Simply add more water or vegetable broth while reheating until the soup reaches your desired consistency.
6. Can I skip the barley?
Of course. If you’re avoiding gluten or prefer a lighter soup, omit the barley or replace it with quinoa or rice.
Time to Make Vegan Split Pea Soup!
Now that you know how to make Vegan Split Pea Soup, it’s time to roll up your sleeves and start cooking. This recipe is not only delicious and comforting but also incredibly nutritious and easy to make. Whether you’re feeding your family, meal prepping, or just craving something cozy, this soup is sure to be a hit.

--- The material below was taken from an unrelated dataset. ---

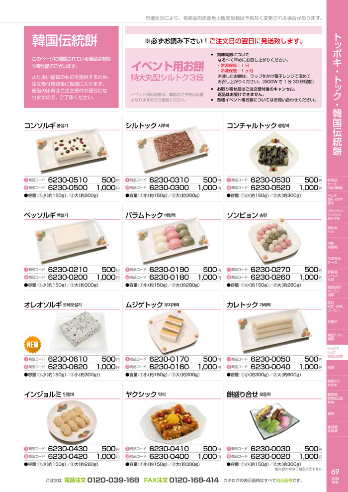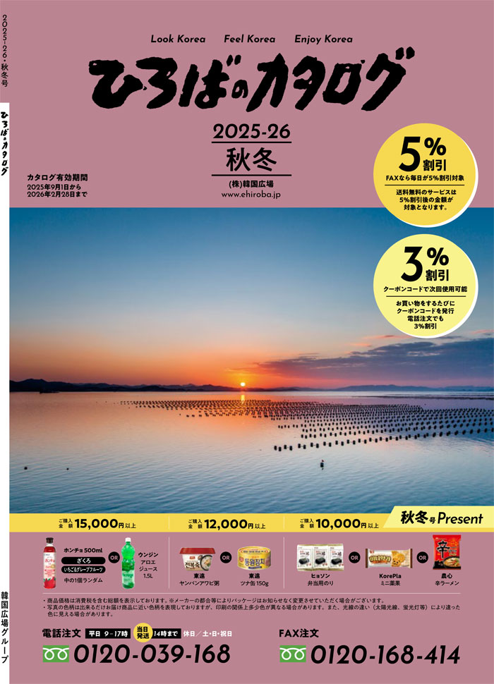 韓国広場カタログ通信販売 〒160-0021 東京都新宿区歌舞伎町2-31-11 TEL:0120-039-168 FAX:0120-168-414 営業時間 : 平日 9:00~17:00 ※当日発送は14時まで(土、日、祝日定休)

Grab your ingredients, get your pot ready, and enjoy the process of creating a wholesome, homemade meal that warms both your body and your soul.
Rich, hearty, and packed with nutrients, this Vegan Split Pea Soup is a comforting bowl of plant-based goodness. Loaded with split peas, barley, and fresh vegetables, it’s a budget-friendly and nourishing meal perfect for any day of the week.
Ingredients
Scale
1 tbsp vegetable oil (or olive oil)
1 onion, chopped
3 garlic cloves, minced
1 bay leaf
7 ½ cups water
2 cups dried split peas (rinsed and sorted)
½ cup barley (or substitute with quinoa or rice for gluten-free)
1 ½ tsp salt
3 potatoes, diced (Yukon Gold or Russet work best)
3 carrots, chopped
3 celery stalks, chopped
½ cup chopped parsley (plus extra for garnish)
½ tsp dried basil
½ tsp dried thyme
½ tsp ground black pepper (or to taste)
Instructions
Prepare Ingredients:
Wash and chop all vegetables. Rinse split peas under cold water and set aside.
Sauté Aromatics:
Heat vegetable oil in a large pot over medium-high heat.
Add chopped onion, minced garlic, and the bay leaf. Sauté for 5 minutes, stirring occasionally, until the onion is translucent and fragrant.
Add Split Peas, Barley, and Water:
Stir in the split peas and barley. Add water and salt, and mix well.
Bring the mixture to a boil, then reduce the heat to low and let it simmer for 2 hours, stirring occasionally to prevent sticking.
Add Vegetables and Herbs:
Once the split peas are partially broken down, add the potatoes, carrots, and celery to the pot.
Stir in parsley, dried basil, dried thyme, and black pepper.
Simmer for another hour, or until the vegetables are tender and the soup reaches a creamy consistency.
Adjust Consistency:
For a thicker soup, use an immersion blender to partially blend the soup while keeping some chunks for texture.
If the soup is too thick, add more water until it reaches your desired consistency.
Serve and Garnish:
Remove the bay leaf before serving.
Ladle the soup into bowls and garnish with extra parsley for a fresh, vibrant finish.
Serve hot with crusty bread or crackers.
Notes
Rinse the split peas thoroughly to remove debris and enhance texture.
Simmer the soup on low heat to ensure the peas break down and create a creamy base.
For added smokiness, stir in a dash of smoked paprika or liquid smoke.
Customize by adding vegetables like zucchini, leeks, or spinach for extra nutrients.